Metachromatic leukodystrophy is a rare hereditary (genetic) disorder that causes fatty substances (lipids) to build up in cells, particularly in the brain, spinal cord and peripheral nerves. This buildup is caused by a deficiency of an enzyme that helps break down lipids called sulfatides.

Where is the ARSA gene located?

The ARSA gene has 8 exons, which are located on chromosome 22 (22q13. 33).

What causes ARSA heart?

An aberrant right subclavian artery (ARSA) is a rare vascular anomaly that is believed to induce feeding and swallowing difficulties in 20\% of the patients, caused by dorsal compression of the esophagus by the anomalous artery.

Who treats leukodystrophy?

At Mayo Clinic, a team of doctors trained in nervous system conditions (neurologists), genetic disorders (medical geneticists) and other specialties work together as a team to care for people with metachromatic leukodystrophy.

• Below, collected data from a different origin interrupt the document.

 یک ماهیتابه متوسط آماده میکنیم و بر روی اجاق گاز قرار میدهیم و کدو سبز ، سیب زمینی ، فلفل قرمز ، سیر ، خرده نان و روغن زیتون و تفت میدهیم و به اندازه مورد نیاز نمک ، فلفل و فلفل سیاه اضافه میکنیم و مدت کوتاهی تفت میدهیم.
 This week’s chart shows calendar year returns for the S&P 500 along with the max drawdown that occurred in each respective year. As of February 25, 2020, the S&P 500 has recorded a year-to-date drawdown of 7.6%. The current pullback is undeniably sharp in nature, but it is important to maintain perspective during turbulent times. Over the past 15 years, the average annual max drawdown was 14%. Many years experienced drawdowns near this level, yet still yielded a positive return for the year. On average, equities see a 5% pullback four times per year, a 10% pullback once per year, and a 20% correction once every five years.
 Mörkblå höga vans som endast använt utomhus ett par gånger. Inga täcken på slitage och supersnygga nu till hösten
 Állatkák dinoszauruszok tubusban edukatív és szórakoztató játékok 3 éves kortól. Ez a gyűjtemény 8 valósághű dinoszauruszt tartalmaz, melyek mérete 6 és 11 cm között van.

Is leukodystrophy painful?

Symptoms of metachromatic leukodystrophy may include seizures, personality changes, spasticity, progressive dementia, painful paresthesias, motor disturbances progressing to paralysis, and/or visual impairment leading to blindness.

What is the life expectancy of someone with leukodystrophy?

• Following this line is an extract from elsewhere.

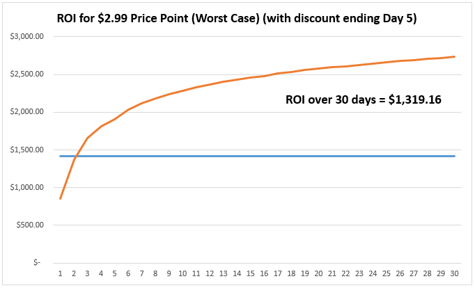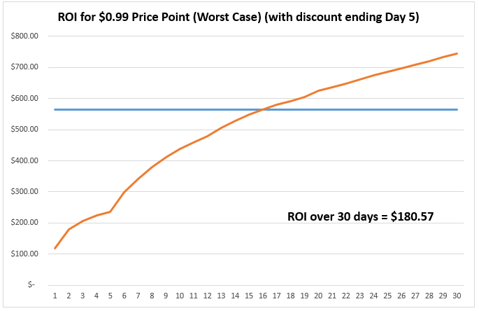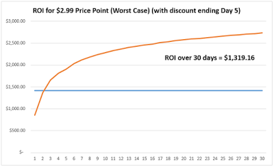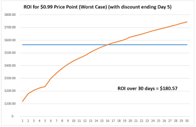 Here, the visible "bump" in royalties caused by the end of the discount isn't as dramatic, but there still is a benefit. The ROI over 30 days still goes up by 56%.So that's the bottom line. No matter what you price your book at, even if it underperforms, it's likely that you'll make your money back with room to spare. What's more, these numbers don't account for any "spillover" sales you might get for your other titles. (as an aside, make sure you have other titles available to benefit from this)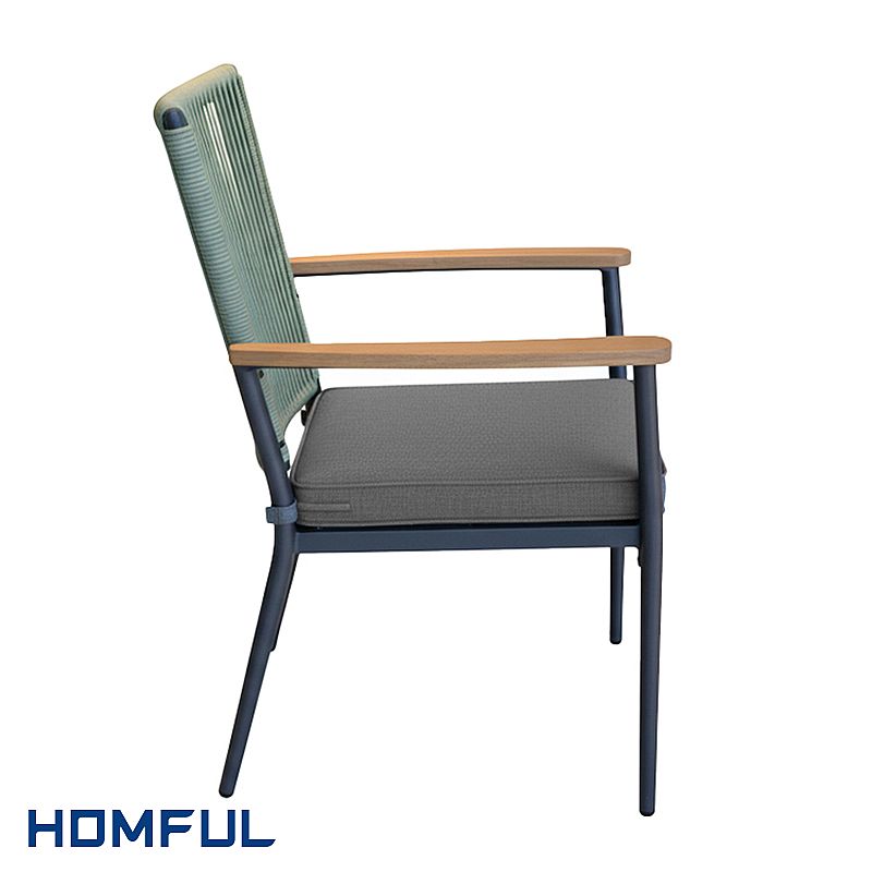 편안함은 좌석에서 가장 중요하게 고려되었습니다. 5cm 두께의 D25 고밀도 폼 쿠션은 일반 슬링 체어에서는 찾아볼 수 없는 탁월한 쿠션감을 제공하여, 레스토랑, 호텔, 옥상 테라스, 카페, 빌라 다이닝 공간 등 손님들이 오래 머무르는 공간에 최적의 편안함을 선사합니다. 나무 질감을 살린 팔걸이 장식은 의자에 따뜻한 느낌을 더해 모던, 해안가 또는 모던한 전원풍 인테리어에 자연스럽게 어우러집니다.

Children diagnosed with late infantile MLD typically live another five to 10 years. In juvenile MLD, the life expectancy is 10 to 20 years after diagnosis. If the symptoms don’t appear until adulthood, people typically live 20 to 30 years after the diagnosis.

Can leukodystrophy affect the brain?

Leukodystrophy refers to a group of genetic conditions that affect the white matter of the brain. Leukodystrophy causes loss of normal brain functions. Symptoms of leukodystrophy can vary. Most leukodystrophies do not have a cure, but therapies are being developed that can help stop the condition from getting worse.

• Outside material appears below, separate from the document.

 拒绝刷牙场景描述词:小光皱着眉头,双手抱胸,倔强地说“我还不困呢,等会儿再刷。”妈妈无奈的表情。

What does Arylsulfatase B do?

Arylsulfatase B is among a group of arylsulfatase enzymes present in the lysosomes of the liver, pancreas, and kidneys of animals. The purpose of the enzyme is to hydrolyze sulfates in the body. ARSB does this by breaking down glycosaminoglycans (GAGs), which are large sugar molecules in the body.

What is the function of the arsA gene?

The ARSA gene provides instructions for making the enzyme arylsulfatase A. This enzyme is located in cellular structures called lysosomes, which are the cell’s recycling centers. Within lysosomes, arylsulfatase A helps process substances known as sulfatides.

Can ARSA be caused by chromosomal abnormalities?

Both of those conditions are seen more frequently in babies with an ARSA: if such a change in information within the chromosomes occurs, it would be the cause for the ARSA. However in most cases of ARSA, no chromosomal defect is identified and no genetic cause of the ARSA is determined. Should I have more tests done?

Should I be worried about ARSA?

Most people with ARSA have no symptoms, and are most likely not aware that they have this variant. By itself, ARSA is not a very worrying finding. If the ARSA is isolated, your caregiver or your baby’s pediatrician can advise you what to watch for in your newborn.

What tests are done to test for ARSA?

Tests that may be done include: Blood or skin culture to look for low arylsulfatase A activity. Blood test to look for low arylsulfatase A enzyme levels. DNA testing for the ARSA gene. MRI of the brain. Nerve biopsy. Nerve signaling studies. Urinalysis.